ASSIGNMENT >> Write out word for word each line from the top of the material through the line that has "本モデルは、「辻中 佳紀(CV:小林 千晃)」、「ヒカル(CV:梅田". Pictures do not go in.

DATA SEGMENT >>
|---|
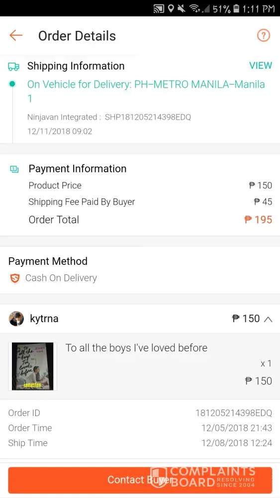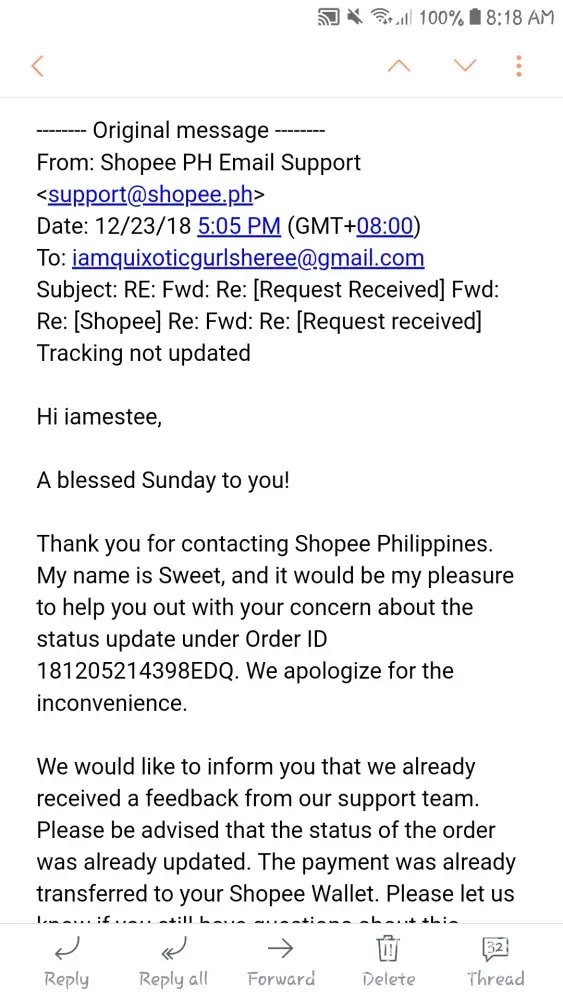 Dec 19 2018 5:03 pm. tumtwag c rider sken at ngttx. Nksilent phone ko. Pero 5:13 pm. Tumtwag ako sknya. Umwi ppa nga ko galing trbho. kc walking dstance lng nmn smen work ko. Pg uwi ko ng bhay wala na ko nadtnan na dlvery. Knulit ko ng knulit twagan ung rider hnggng pg sagot nsa oliVeros na dw sya. Sabi ko "kuya baka pwdw nmn bumalik ka kasi malapit ka pa naman dto. ang tgal ko na kasi inaantay yang dlvery na yan almost 20 weeks na" sagot nya saken hnd na dw sya mkkblik kc pbaesa nova na dw sya sab ko nmn tamang tama my daan yan dto samen pplbas ng baesa. Hnd n dw sya mkkblik. Pngbgyan ko. Tpos bngay ko pa number ko na kuya bukas alam ko my ddting pkong dlver. Bka pwdw mo na yan isabay. Sabi hhnappin nya dw mgddlver sken pra pgisahin nlng item ko. Dec 20 2018 ngaantay ako ng dlver dko na nga snslent phone ko. Kht nrrnig ng boss ko. Walang dumating na dlvery. n shoppee n ggmtin ko dpat ngyong pasko kasi dmit un. Hnggng sa nkipgchat nako sa seller. Sabi pablik na dw ng rizal ung inorder ko. Na wala akong kaalam alam na hnd ko na pala marrcieved ung item na mtgal ko ng inaantay. Panu po kya un dsddo pa nmn ako makuuha ko na ung mga inorder ko kc ngtiis akong d bmli ng bgongn dmit sa mall kc nga expected ko my mrrecieved ako galing sa shoppee pero wala na pala. thankyou. sana po mgwan ng actions
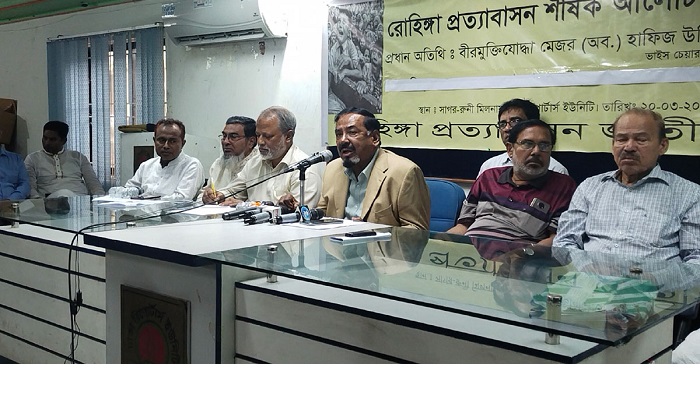সোমবার (২০ মার্চ) দুপুরে ঢাকা রিপোর্টার্স ইউনিটির সাগর রুনী মিলনায়তনে এক আলোচনা সভায় তিনি এসব কথা বলেন। রোহিঙ্গা প্রত্যাবাসন শীর্ষক আলোচনা সভার আয়োজন করে রোহিঙ্গা প্রত্যাবাসন জাতীয় কমিটি।
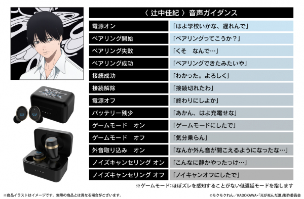 本モデルは、「辻中 佳紀(CV:小林 千晃)」、「ヒカル(CV:梅田 修一朗)」の2モデル展開で、録り下ろし音声ガイダンス(各13ワード)を搭載。充電ケースの天面とイヤホン本体には作品をイメージしたアイコンやロゴをあしらい、シックで普段使いしやすい商品となっております。
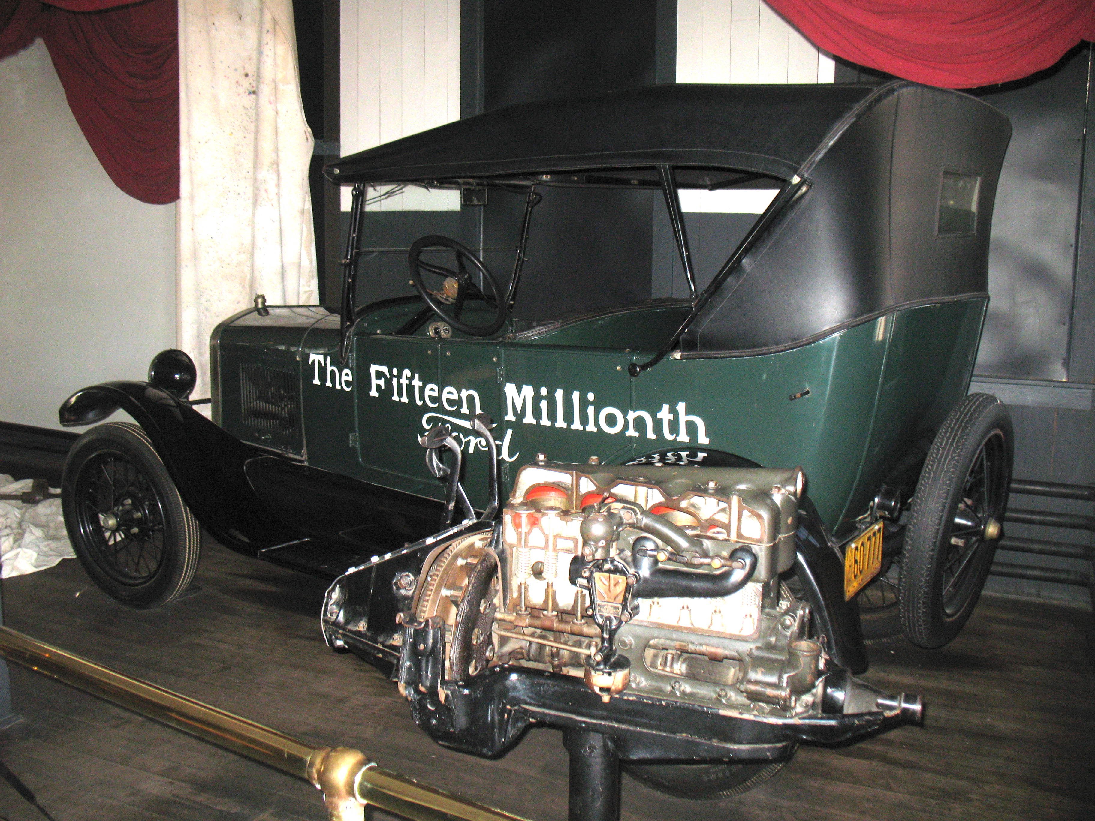 Caution regarding the 15,000,000 model T touring. It came off the assembly line painted blue with silver lettering. It was overpainted in green during the 1950's, the current white lettering was applied recently.
|---|
RESPONSE >>
 Dec 19 2018 5:03 pm. tumtwag c rider sken at ngttx. Nksilent phone ko. Pero 5:13 pm. Tumtwag ako sknya. Umwi ppa nga ko galing trbho. kc walking dstance lng nmn smen work ko. Pg uwi ko ng bhay wala na ko nadtnan na dlvery. Knulit ko ng knulit twagan ung rider hnggng pg sagot nsa oliVeros na dw sya. Sabi ko "kuya baka pwdw nmn bumalik ka kasi malapit ka pa naman dto. ang tgal ko na kasi inaantay yang dlvery na yan almost 20 weeks na" sagot nya saken hnd na dw sya mkkblik kc pbaesa nova na dw sya sab ko nmn tamang tama my daan yan dto samen pplbas ng baesa. Hnd n dw sya mkkblik. Pngbgyan ko. Tpos bngay ko pa number ko na kuya bukas alam ko my ddting pkong dlver. Bka pwdw mo na yan isabay. Sabi hhnappin nya dw mgddlver sken pra pgisahin nlng item ko. Dec 20 2018 ngaantay ako ng dlver dko na nga snslent phone ko. Kht nrrnig ng boss ko. Walang dumating na dlvery. n shoppee n ggmtin ko dpat ngyong pasko kasi dmit un. Hnggng sa nkipgchat nako sa seller. Sabi pablik na dw ng rizal ung inorder ko. Na wala akong kaalam alam na hnd ko na pala marrcieved ung item na mtgal ko ng inaantay. Panu po kya un dsddo pa nmn ako makuuha ko na ung mga inorder ko kc ngtiis akong d bmli ng bgongn dmit sa mall kc nga expected ko my mrrecieved ako galing sa shoppee pero wala na pala. thankyou. sana po mgwan ng actions
সোমবার (২০ মার্চ) দুপুরে ঢাকা রিপোর্টার্স ইউনিটির সাগর রুনী মিলনায়তনে এক আলোচনা সভায় তিনি এসব কথা বলেন। রোহিঙ্গা প্রত্যাবাসন শীর্ষক আলোচনা সভার আয়োজন করে রোহিঙ্গা প্রত্যাবাসন জাতীয় কমিটি।
 本モデルは、「辻中 佳紀(CV:小林 千晃)」、「ヒカル(CV:梅田 修一朗)」の2モデル展開で、録り下ろし音声ガイダンス(各13ワード)を搭載。充電ケースの天面とイヤホン本体には作品をイメージしたアイコンやロゴをあしらい、シックで普段使いしやすい商品となっております。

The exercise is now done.